* **Task goal**: Where the lines below hold images, skip those and copy every word exactly.

* **Collected data**:
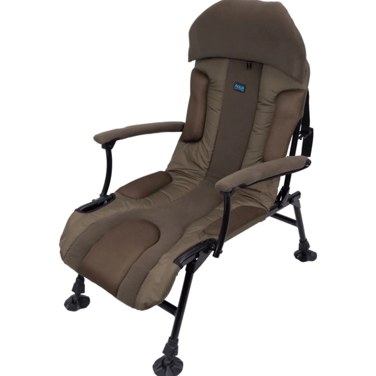 De Aqua Longback Chair ontworpen met comfort en steun in gedachten, heeft een verscheidenheid aan ergonomische, maar luxe functies, perfect voor de behoefte van de moderne karpervissser. Optimale stabiliteit voor de stoel kan worden bereikt met een viertal one-touch verlengbare poten, die kunnen worden afgesteld met ons unieke, gepatenteerde pootmechanisme, samen met roterende moddervoeten, perfect voor gebruik op zacht terrein. Daarnaast zorgt de toevoeging van de aanpasbare, schuivende hoofdsteun, naast een unieke gebogen steun, voor comfort op maat voor je individuele behoeften, en zorgt dat je lichaam maximaal ontspant. Met 4,75 kg is deze stoel een lichtgewicht, en zorgt voor extra mobiliteit tijdens het vissen vanwege de lichtere belasting op je kar. Deze veelzijdige stoel biedt een premium oplossing voor zowel functionaliteit als comfort, en is een voorbeeld van de status van de Aqua Longback Chair als de ideale stoel voor aan de oever.
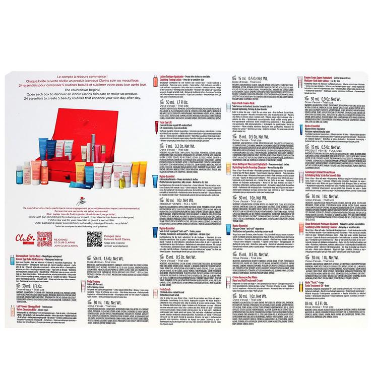 Le calendrier de l’Avent Clarins est constitué de 24 cases contenant chacune un produit de beauté pour prendre soin de votre peau tout au long du mois de décembre en découvrant chaque jour une surprise. Ces produits vont des crèmes visage, baume, lait, huile pour le corps, soins éclat, soins pour le regard, soins pour les mains et toute une gamme de produits de maquillage.
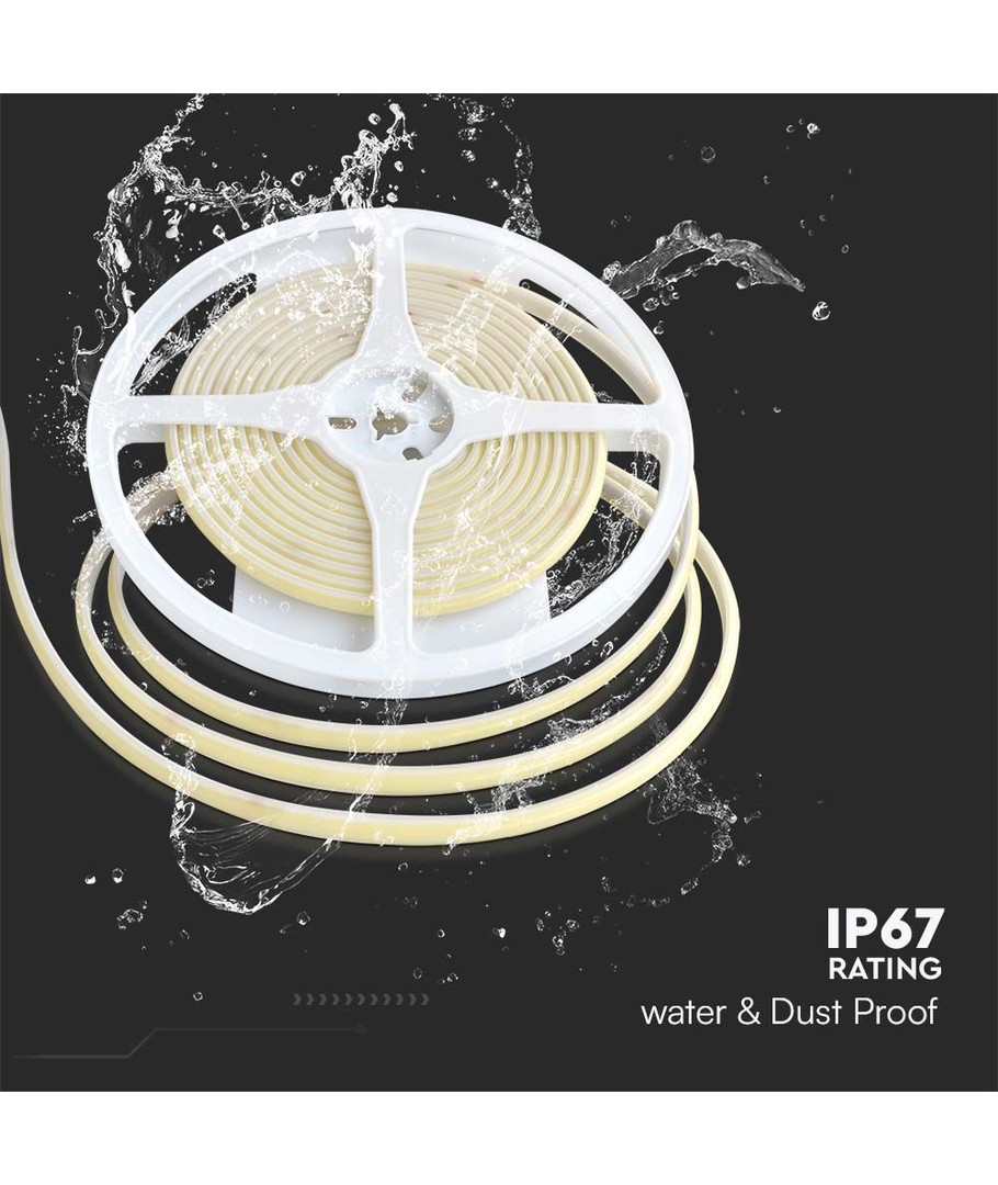Med dimensionerna 8 x 5 mm är denna LED-strip smidig att installera och anpassa. Den har en IP67-klassificering, vilket innebär att den är vattentät och hållbar för användning i olika miljöer – dock bör den inte placeras i ständig kontakt med vatten.

* **Solution below**:
 De Aqua Longback Chair ontworpen met comfort en steun in gedachten, heeft een verscheidenheid aan ergonomische, maar luxe functies, perfect voor de behoefte van de moderne karpervissser. Optimale stabiliteit voor de stoel kan worden bereikt met een viertal one-touch verlengbare poten, die kunnen worden afgesteld met ons unieke, gepatenteerde pootmechanisme, samen met roterende moddervoeten, perfect voor gebruik op zacht terrein. Daarnaast zorgt de toevoeging van de aanpasbare, schuivende hoofdsteun, naast een unieke gebogen steun, voor comfort op maat voor je individuele behoeften, en zorgt dat je lichaam maximaal ontspant. Met 4,75 kg is deze stoel een lichtgewicht, en zorgt voor extra mobiliteit tijdens het vissen vanwege de lichtere belasting op je kar. Deze veelzijdige stoel biedt een premium oplossing voor zowel functionaliteit als comfort, en is een voorbeeld van de status van de Aqua Longback Chair als de ideale stoel voor aan de oever.
 Le calendrier de l’Avent Clarins est constitué de 24 cases contenant chacune un produit de beauté pour prendre soin de votre peau tout au long du mois de décembre en découvrant chaque jour une surprise. Ces produits vont des crèmes visage, baume, lait, huile pour le corps, soins éclat, soins pour le regard, soins pour les mains et toute une gamme de produits de maquillage.
Med dimensionerna 8 x 5 mm är denna LED-strip smidig att installera och anpassa. Den har en IP67-klassificering, vilket innebär att den är vattentät och hållbar för användning i olika miljöer – dock bör den inte placeras i ständig kontakt med vatten.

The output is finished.